Using the data that follows, output only the lines from the line with "Zeezicht met Villa's" up to and including the line with "Attention, il vous", exactly, leaving pictures aside.

Input records:
*** Begin section ***
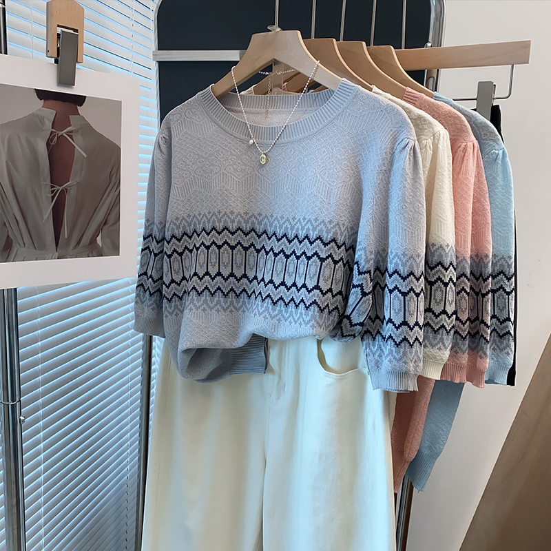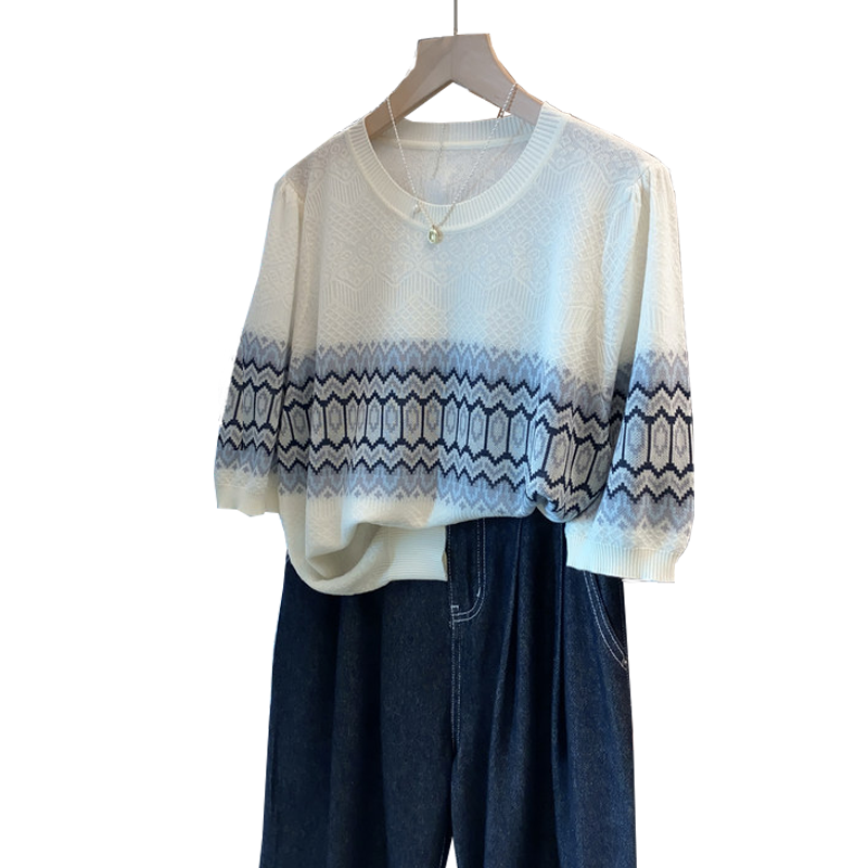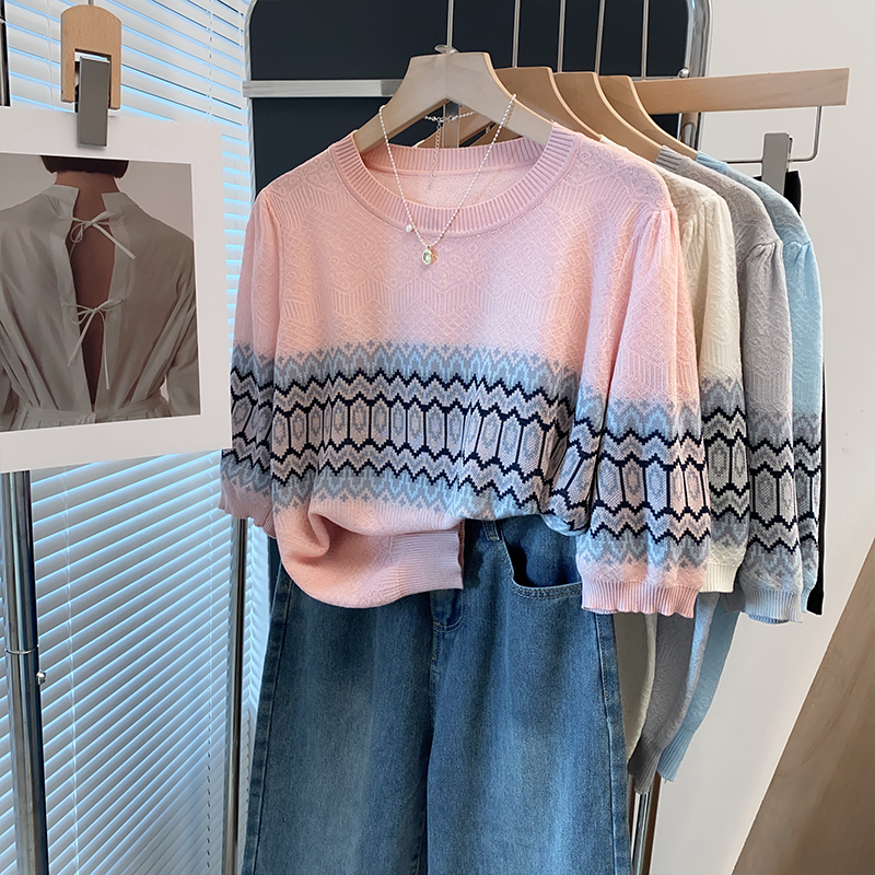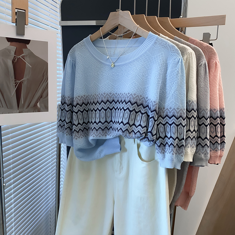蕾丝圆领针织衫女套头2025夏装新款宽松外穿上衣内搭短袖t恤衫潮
*** End section ***
*** Begin section ***
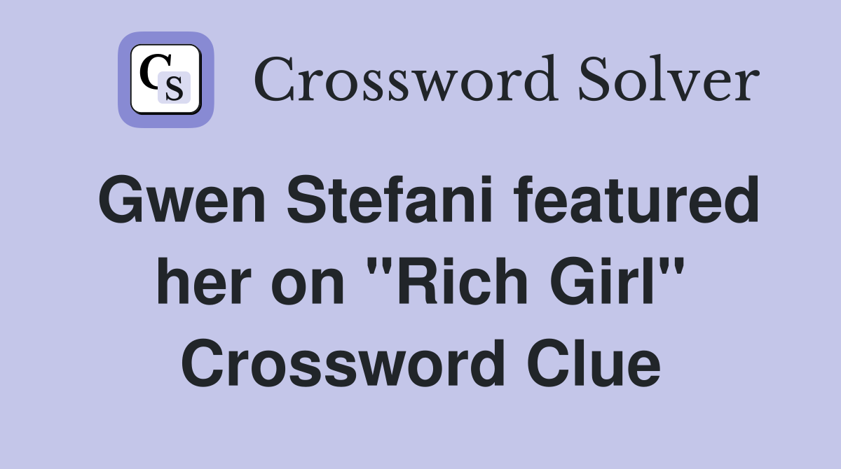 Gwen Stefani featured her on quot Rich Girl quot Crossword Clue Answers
*** End section ***
*** Begin section ***
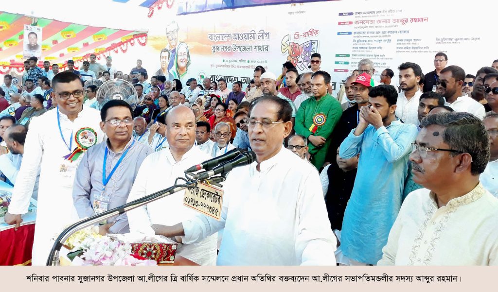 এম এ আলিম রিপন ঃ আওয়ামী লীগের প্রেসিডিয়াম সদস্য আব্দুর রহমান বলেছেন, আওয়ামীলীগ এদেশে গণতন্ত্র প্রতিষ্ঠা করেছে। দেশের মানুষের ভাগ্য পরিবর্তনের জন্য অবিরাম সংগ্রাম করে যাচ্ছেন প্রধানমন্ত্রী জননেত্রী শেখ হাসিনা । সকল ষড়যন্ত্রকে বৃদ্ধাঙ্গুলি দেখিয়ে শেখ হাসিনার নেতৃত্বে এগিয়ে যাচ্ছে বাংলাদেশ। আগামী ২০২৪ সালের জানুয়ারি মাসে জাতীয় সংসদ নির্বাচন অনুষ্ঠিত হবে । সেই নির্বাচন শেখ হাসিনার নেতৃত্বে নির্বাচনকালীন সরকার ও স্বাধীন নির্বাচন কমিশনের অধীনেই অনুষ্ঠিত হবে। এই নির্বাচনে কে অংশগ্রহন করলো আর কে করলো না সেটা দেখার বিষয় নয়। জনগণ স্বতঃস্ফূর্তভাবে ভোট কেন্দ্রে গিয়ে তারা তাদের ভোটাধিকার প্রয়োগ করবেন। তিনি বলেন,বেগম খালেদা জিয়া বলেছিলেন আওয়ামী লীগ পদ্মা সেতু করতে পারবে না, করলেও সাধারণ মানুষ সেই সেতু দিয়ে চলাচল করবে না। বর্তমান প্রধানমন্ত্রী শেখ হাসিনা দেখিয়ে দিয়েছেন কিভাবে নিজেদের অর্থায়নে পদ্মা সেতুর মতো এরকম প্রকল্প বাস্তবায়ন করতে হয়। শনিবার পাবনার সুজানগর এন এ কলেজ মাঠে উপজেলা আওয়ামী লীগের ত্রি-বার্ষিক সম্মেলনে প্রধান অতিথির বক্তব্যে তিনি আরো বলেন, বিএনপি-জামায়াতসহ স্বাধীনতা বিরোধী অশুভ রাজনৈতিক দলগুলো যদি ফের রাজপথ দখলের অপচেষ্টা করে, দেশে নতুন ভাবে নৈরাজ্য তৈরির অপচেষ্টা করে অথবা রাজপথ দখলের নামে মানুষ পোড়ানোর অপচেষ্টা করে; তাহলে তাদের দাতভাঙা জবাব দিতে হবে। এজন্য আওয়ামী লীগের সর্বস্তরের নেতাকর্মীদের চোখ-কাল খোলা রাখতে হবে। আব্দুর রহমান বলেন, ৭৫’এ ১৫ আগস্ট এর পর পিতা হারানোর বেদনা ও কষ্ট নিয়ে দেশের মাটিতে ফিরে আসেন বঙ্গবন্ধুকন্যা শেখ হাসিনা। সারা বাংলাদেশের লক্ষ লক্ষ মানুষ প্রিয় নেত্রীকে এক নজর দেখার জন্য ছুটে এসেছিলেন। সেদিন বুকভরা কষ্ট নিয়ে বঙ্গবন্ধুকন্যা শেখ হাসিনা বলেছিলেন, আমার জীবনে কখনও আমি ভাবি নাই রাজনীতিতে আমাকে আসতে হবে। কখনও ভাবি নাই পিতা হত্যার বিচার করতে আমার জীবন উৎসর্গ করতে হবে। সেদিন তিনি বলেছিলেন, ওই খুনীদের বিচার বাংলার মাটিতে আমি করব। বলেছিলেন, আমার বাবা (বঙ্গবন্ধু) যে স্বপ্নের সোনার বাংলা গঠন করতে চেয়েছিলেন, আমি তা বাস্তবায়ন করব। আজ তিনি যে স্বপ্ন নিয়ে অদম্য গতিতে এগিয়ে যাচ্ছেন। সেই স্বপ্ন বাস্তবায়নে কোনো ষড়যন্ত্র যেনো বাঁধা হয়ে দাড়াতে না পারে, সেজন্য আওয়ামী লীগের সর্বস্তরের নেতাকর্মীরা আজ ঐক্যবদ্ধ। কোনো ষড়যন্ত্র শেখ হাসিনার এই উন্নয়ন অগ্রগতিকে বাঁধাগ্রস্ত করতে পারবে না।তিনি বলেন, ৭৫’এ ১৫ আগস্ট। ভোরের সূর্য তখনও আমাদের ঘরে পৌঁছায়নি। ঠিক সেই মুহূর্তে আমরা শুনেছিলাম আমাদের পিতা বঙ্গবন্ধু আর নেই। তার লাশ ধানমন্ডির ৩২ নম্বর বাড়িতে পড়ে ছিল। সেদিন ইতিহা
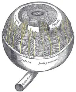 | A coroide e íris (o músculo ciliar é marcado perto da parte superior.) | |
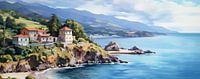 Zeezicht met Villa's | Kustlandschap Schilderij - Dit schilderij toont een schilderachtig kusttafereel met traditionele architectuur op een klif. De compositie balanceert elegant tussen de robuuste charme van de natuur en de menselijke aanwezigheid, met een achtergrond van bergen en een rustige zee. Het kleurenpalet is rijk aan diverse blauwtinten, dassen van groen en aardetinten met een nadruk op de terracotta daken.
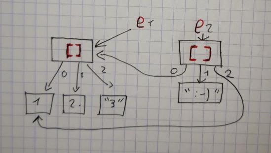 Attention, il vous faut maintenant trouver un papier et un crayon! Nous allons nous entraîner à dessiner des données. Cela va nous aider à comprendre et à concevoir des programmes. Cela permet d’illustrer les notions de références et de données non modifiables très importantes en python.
*** End section ***
Response to this task:
 Zeezicht met Villa's | Kustlandschap Schilderij - Dit schilderij toont een schilderachtig kusttafereel met traditionele architectuur op een klif. De compositie balanceert elegant tussen de robuuste charme van de natuur en de menselijke aanwezigheid, met een achtergrond van bergen en een rustige zee. Het kleurenpalet is rijk aan diverse blauwtinten, dassen van groen en aardetinten met een nadruk op de terracotta daken.
 Attention, il vous faut maintenant trouver un papier et un crayon! Nous allons nous entraîner à dessiner des données. Cela va nous aider à comprendre et à concevoir des programmes. Cela permet d’illustrer les notions de références et de données non modifiables très importantes en python.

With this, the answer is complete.